Activity >>
In the records below, the relevant part opens with the line containing "Ahoj milí dárci, tak" and closes with the line containing "STM guitar roller"; print that part exactly and only, without its pictures.

*** Opening Listed records ***

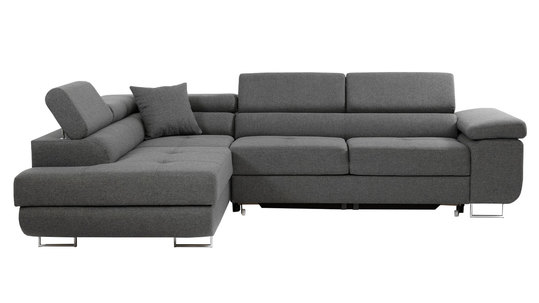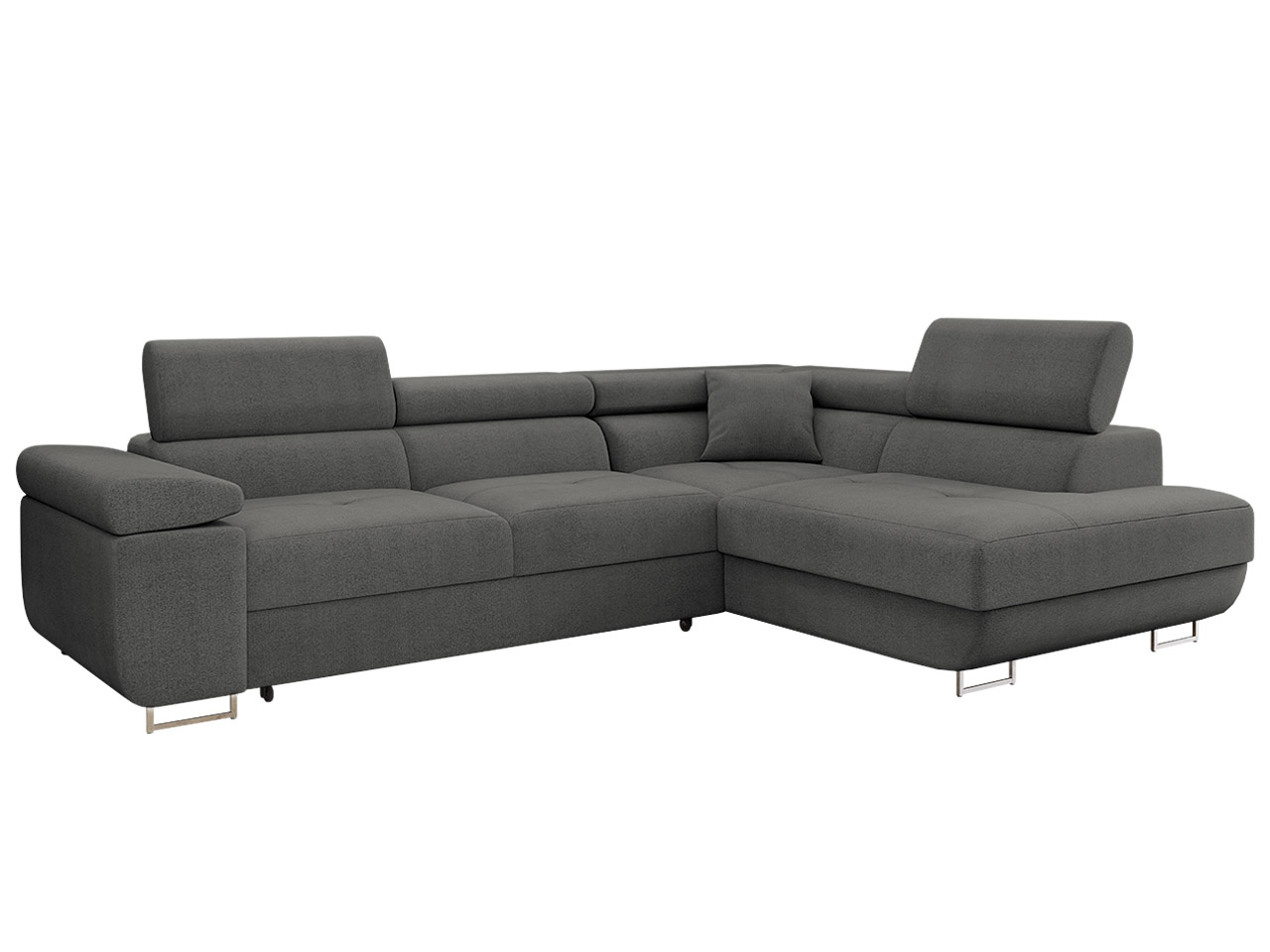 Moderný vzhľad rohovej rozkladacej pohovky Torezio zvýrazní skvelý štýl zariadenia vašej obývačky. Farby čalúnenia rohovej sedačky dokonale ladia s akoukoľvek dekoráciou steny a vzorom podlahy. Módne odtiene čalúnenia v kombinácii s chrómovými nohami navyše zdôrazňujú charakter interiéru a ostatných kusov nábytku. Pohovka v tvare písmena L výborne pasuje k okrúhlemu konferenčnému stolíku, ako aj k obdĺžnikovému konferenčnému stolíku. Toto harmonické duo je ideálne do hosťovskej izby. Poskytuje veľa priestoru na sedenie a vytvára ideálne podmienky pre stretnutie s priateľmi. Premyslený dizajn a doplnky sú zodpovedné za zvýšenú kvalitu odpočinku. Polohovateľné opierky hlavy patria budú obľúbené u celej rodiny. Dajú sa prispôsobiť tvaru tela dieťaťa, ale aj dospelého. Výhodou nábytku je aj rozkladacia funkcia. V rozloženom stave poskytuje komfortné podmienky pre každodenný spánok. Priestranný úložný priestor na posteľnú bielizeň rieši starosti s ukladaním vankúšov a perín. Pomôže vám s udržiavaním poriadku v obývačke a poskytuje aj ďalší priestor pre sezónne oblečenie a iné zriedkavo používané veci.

*** Closing Listed records ***
*** Opening Listed records ***

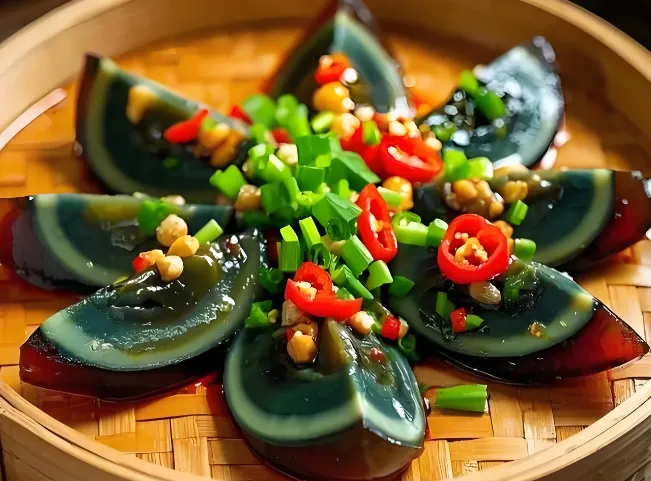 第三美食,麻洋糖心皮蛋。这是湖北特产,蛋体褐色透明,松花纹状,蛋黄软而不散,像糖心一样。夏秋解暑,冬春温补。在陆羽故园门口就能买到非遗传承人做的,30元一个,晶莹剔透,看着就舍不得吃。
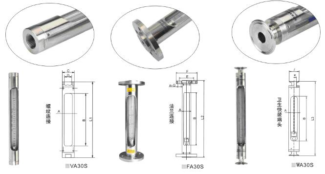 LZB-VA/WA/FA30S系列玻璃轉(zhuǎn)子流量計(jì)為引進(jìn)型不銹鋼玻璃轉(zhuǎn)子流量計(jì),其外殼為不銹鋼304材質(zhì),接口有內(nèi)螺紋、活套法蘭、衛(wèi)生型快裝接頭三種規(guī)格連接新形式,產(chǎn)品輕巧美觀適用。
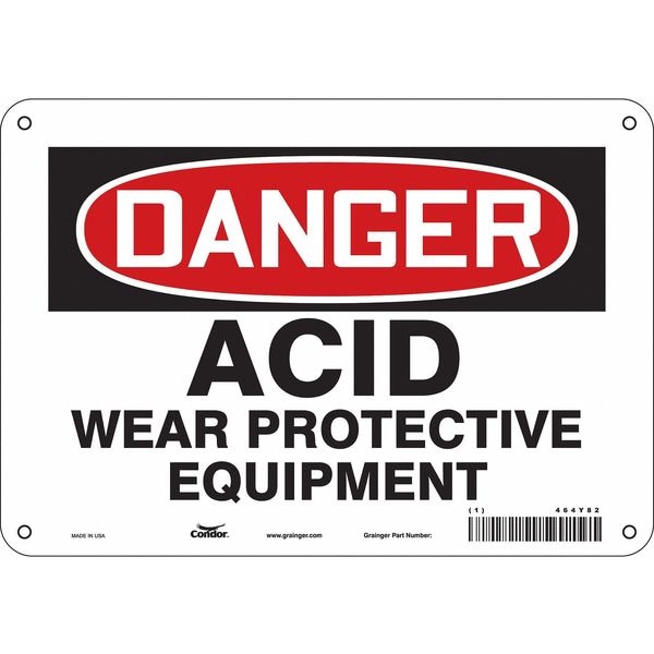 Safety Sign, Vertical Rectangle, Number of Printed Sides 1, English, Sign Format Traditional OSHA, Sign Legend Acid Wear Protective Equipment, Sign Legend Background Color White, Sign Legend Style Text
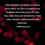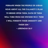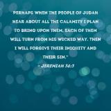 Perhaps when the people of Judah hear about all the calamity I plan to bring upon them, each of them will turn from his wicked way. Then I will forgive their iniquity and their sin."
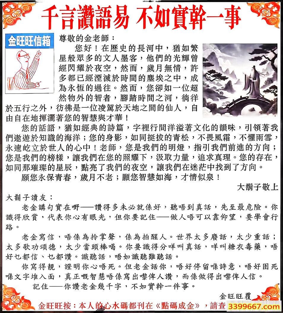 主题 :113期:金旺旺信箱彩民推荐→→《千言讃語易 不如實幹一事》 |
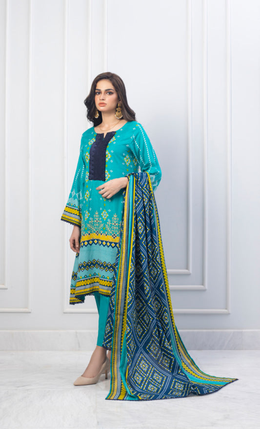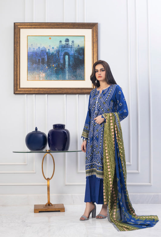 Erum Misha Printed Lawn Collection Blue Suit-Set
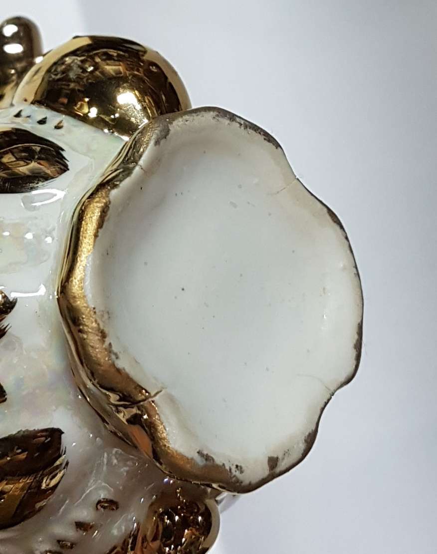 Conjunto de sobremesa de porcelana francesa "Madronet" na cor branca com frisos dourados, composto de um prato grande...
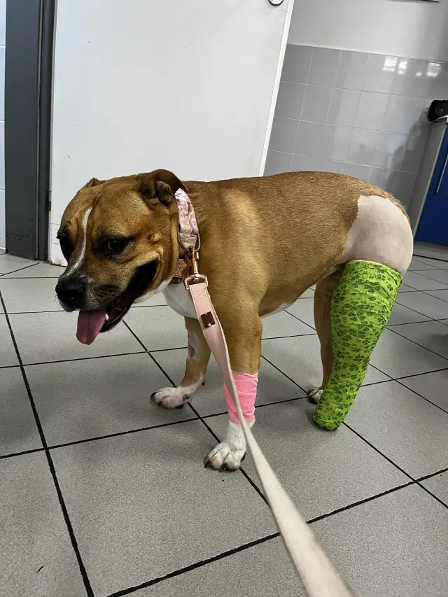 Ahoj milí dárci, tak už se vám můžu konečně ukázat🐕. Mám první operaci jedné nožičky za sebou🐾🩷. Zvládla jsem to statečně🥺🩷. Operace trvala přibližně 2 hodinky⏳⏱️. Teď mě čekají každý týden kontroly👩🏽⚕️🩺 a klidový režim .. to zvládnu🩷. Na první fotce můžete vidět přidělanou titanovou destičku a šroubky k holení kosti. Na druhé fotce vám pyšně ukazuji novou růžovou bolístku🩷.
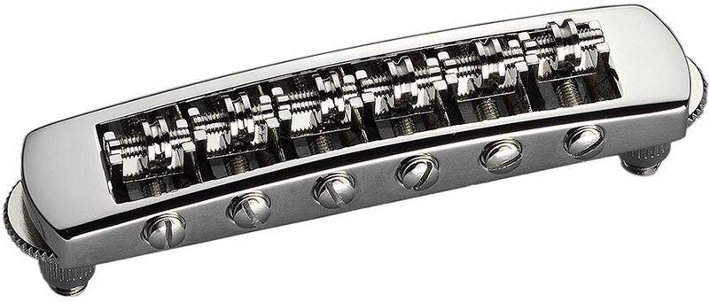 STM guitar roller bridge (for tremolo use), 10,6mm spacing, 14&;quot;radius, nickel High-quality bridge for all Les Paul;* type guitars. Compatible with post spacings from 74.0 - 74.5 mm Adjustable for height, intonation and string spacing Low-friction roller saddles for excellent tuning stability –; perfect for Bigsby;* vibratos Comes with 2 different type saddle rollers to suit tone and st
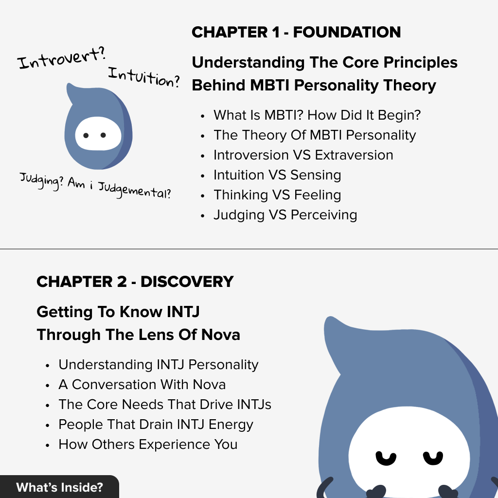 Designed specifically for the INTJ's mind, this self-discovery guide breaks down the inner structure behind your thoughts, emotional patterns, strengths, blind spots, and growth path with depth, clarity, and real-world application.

*** Closing Listed records ***
*** Opening Listed records ***

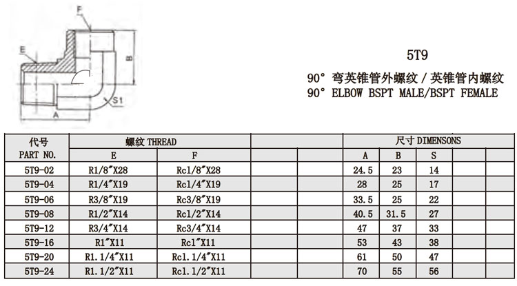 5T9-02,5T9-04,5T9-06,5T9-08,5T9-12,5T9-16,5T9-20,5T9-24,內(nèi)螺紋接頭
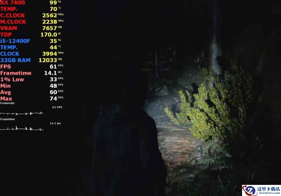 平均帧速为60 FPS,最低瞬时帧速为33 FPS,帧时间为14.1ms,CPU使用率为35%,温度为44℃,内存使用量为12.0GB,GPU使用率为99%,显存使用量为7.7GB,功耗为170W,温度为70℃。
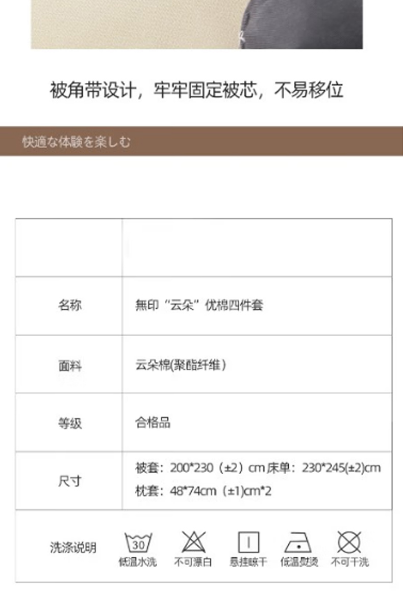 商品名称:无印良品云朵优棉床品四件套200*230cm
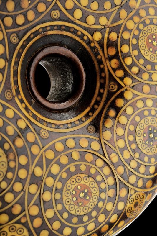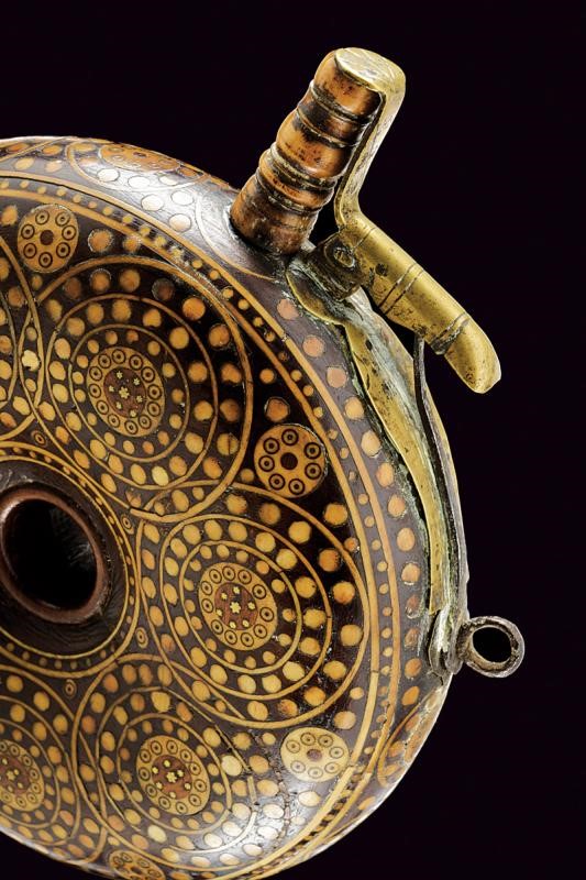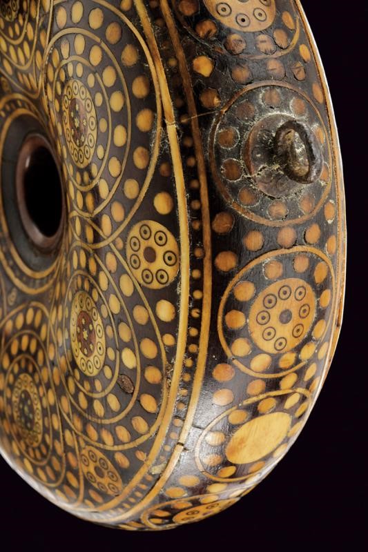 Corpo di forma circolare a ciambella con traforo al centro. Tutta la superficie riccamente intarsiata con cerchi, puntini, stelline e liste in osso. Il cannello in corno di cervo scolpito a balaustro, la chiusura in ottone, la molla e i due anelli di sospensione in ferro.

*** Closing Listed records ***

Response to this exercise >>
 Ahoj milí dárci, tak už se vám můžu konečně ukázat🐕. Mám první operaci jedné nožičky za sebou🐾🩷. Zvládla jsem to statečně🥺🩷. Operace trvala přibližně 2 hodinky⏳⏱️. Teď mě čekají každý týden kontroly👩🏽⚕️🩺 a klidový režim .. to zvládnu🩷. Na první fotce můžete vidět přidělanou titanovou destičku a šroubky k holení kosti. Na druhé fotce vám pyšně ukazuji novou růžovou bolístku🩷.
 STM guitar roller bridge (for tremolo use), 10,6mm spacing, 14&;quot;radius, nickel High-quality bridge for all Les Paul;* type guitars. Compatible with post spacings from 74.0 - 74.5 mm Adjustable for height, intonation and string spacing Low-friction roller saddles for excellent tuning stability –; perfect for Bigsby;* vibratos Comes with 2 different type saddle rollers to suit tone and st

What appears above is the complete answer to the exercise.